Coop financial statements for fiscal years 2009, 2010, 2011, 2012, and 2013 are available online, so you can see what he’s talking about yourself. In both 2011 and 2012, the coop shows an operational deficit, meaning that expenses were greater than income. That’s actual expenses, not counting depreciation or amortization.

I know one prospective buyer last year whose mortgage application was turned down because the lending bank had misgivings about those deficits. Even if the coop looks better a year later with flip taxes from a resurgent housing market bailing us out, the underlying concern about our financial stability has not been resolved.

But, please, let’s look at this another way, because I’m not interested in having a shouting match with Mr. Jacob or anyone else. Cooperatively Yours decided this past spring to encourage communication with the board and management. That means asking questions in a more public way to hold our directors accountable, and pressing them to distribute quarterly reports of board actions and hold mid-year financial Q&A’s so that these kinds of issues can be discussed more constructively. To that end, I’m very grateful to Mr. Jacob for his memo, because it opens a conversation about what kind of a deficit may be beneficial and what kind is unsustainable.

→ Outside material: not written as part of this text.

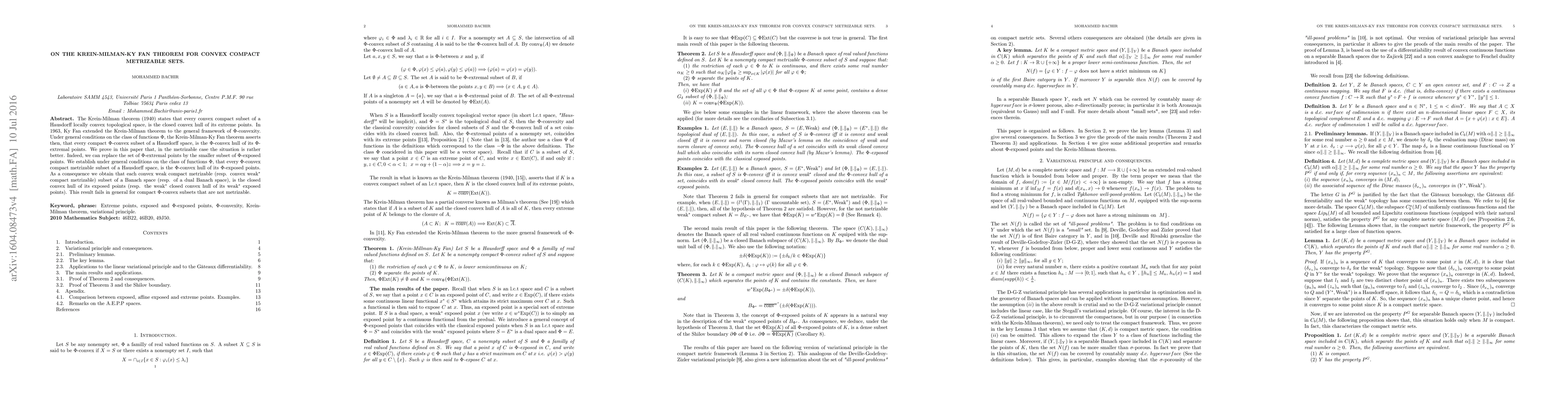 This paper proves that under metrizability conditions, every compact $\Phi$-convex subset of a Hausdorff space can be represented as the $\Phi$-convex hull of its $\Phi$-exposed points, improving upon the Krein-Milman-Ky Fan theorem. It also establishes that convex weak compact metrizable subsets of Banach spaces are the closed convex hulls of their exposed points.

One of the questions our flyer asked on Monday was: “The coop’s deficit grows every year — now almost $11 million. Are you OK with that?” Mr. Jacob says that because that figure represents what’s called accumulated deficit it’s actually not an unhealthy number and therefore, yes, he’s OK with it. That’s a perfectly good answer.  I would rather it had come without bold-faced all-caps name-calling, but I think this is progress, and this Thanksgiving, I’m grateful for it — let’s get answers first and we’ll work on our manners another time.